Page MenuHomePhabricator

napwikisource reports more content pages than all pages in its main namespace
Closed, InvalidPublic

Description

Our newest content wiki, the Neapolitan Wikisource, just (presumably) had its stats recounted on September 1st, for the first time since it was created and its content was imported. The "content pages" count dropped from 10,167 the previous day to 413. The reason I am opening this task is not the drop itself (which is large but not unprecedented for new wikis) but the count that it dropped to.

413 content pages is 230 pages higher than the total number of non-redirects in the main namspace (183).

(The main namespace is the wiki's only content namespace and the wiki uses the default 'link' counting method.)

How is this possible? How could it be fixed? Am I missing something here that makes this actually not an error?

Event Timeline

Dcljr created this task.Sep 2 2019, 5:54 AM
Restricted Application added a subscriber: Aklapper. · View Herald TranscriptSep 2 2019, 5:54 AM
Dcljr updated the task description. (Show Details)Sep 2 2019, 5:55 AM
Dcljr updated the task description. (Show Details)

Not sure which exact project tags to set here, but for some general information:

  • updateArticleCount.php runs on the 1st and 15th of a month. Hence numbers were updated.
  • updateArticleCount.php might have bugs, see for example T212706.
  • Note that the default for wgArticleCountMethod is set to link in InitialiseSettings.php.txt, so a page will only be counted if it contains a wiki link.
Urbanecm claimed this task.Sep 3 2019, 4:40 AM
Urbanecm added a subscriber: Urbanecm.

I'd treat the script tag as de-facto subproject of the site request one, anyway, either is fine IMO, people willing to look into this should watch both.
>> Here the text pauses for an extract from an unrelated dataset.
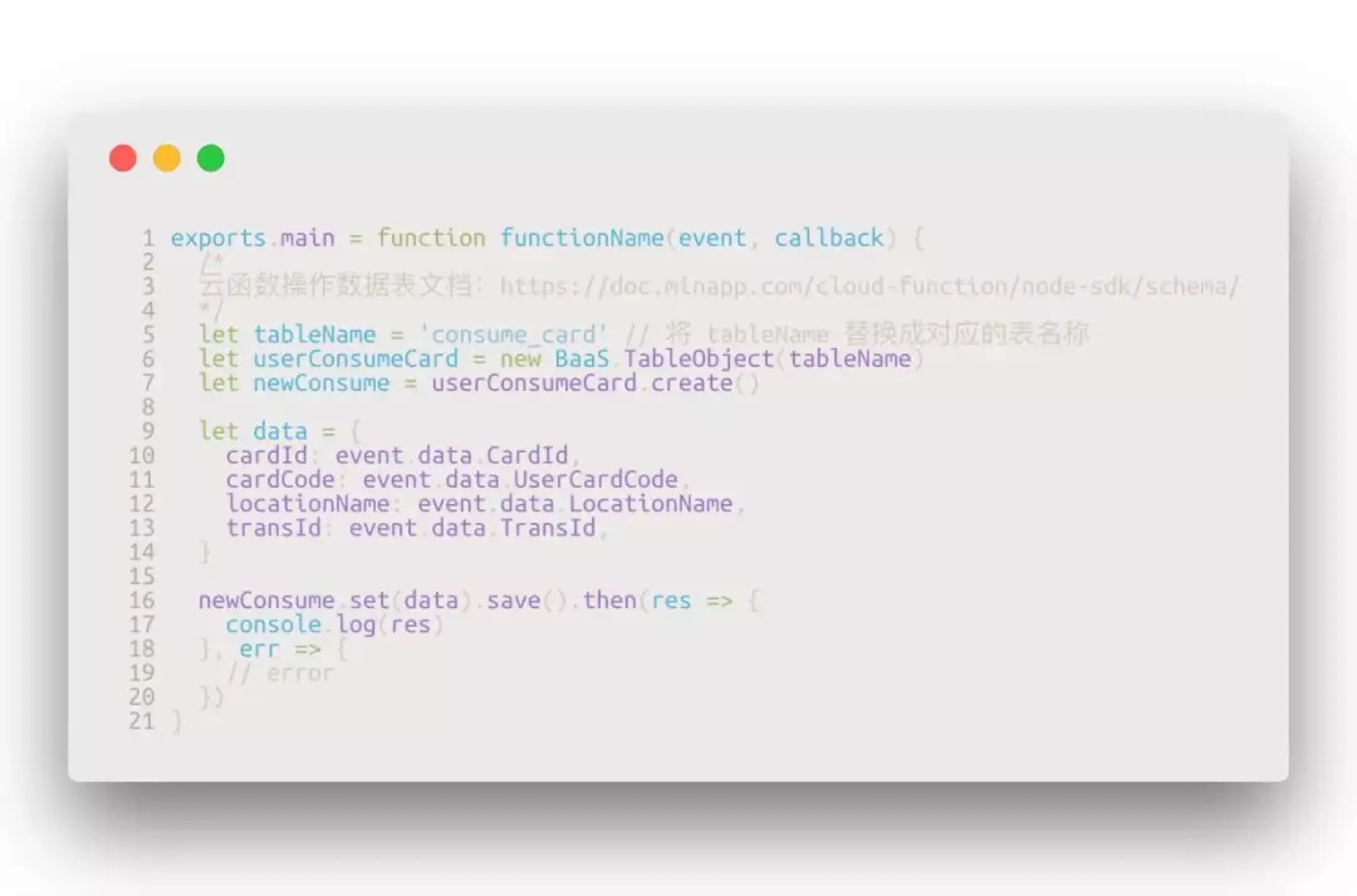 现在我们创建一个云函数,用于用户在核销卡券的事件触发时调用该云函数操作数据表,将微信推送过来的核销的相关数据保存到相关到表中。

Claiming, will have a look soon.

Restricted Application added a project: User-Urbanecm. · View Herald TranscriptSep 3 2019, 4:40 AM
  • Note that the default for wgArticleCountMethod is set to link in InitialiseSettings.php.txt, so a page will only be counted if it contains a wiki link.

We had this problem on srwikisource and this was resolved with doing this, @Aklapper is right. But @Urbanecm claimed this task, so I want to he say what is better.

Dcljr added a comment.Sep 6 2019, 1:08 AM

We had this problem on srwikisource and this was resolved with doing this, @Aklapper is right.

@Zoranzoki21 : Umm… doing what? Aklapper's comment didn't contain any suggestion of something to "do".

Dcljr added a comment.Sep 6 2019, 1:17 AM

BTW, I already acknowledged the 'link' counting method was being used in the task description. My point about "non-redirects in the main namespace" is that the count given by 'link' should not be higher than the highest possible count 'any' could give, which in this case is (or was) 183.

(Hey, that would be an interesting test: change to 'any', recount, note the number, change back to 'link', recount again. But no one's actually going to do that… [grin])

Dcljr added a comment.Sep 6 2019, 1:30 AM

OBTW (again), I guess I should have also pointed out that the total number of pages in the main namespace (including redirects and the Main Page) is now 206 (would have been 205 on Sep 2).

Not that this number would be given by any counting method (it wouldn't), but just for the sake of completeness…

Urbanecm removed Urbanecm as the assignee of this task.Sep 7 2019, 4:56 PM
  • Note that the default for wgArticleCountMethod is set to link in InitialiseSettings.php.txt, so a page will only be counted if it contains a wiki link.

We had this problem on srwikisource and this was resolved with doing this, @Aklapper is right. But @Urbanecm claimed this task, so I want to he say what is better.

i just looked if script is a solution, and forgot to update

  • Note that the default for wgArticleCountMethod is set to link in InitialiseSettings.php.txt, so a page will only be counted if it contains a wiki link.

We had this problem on srwikisource and this was resolved with doing this, @Aklapper is right. But @Urbanecm claimed this task, so I want to he say what is better.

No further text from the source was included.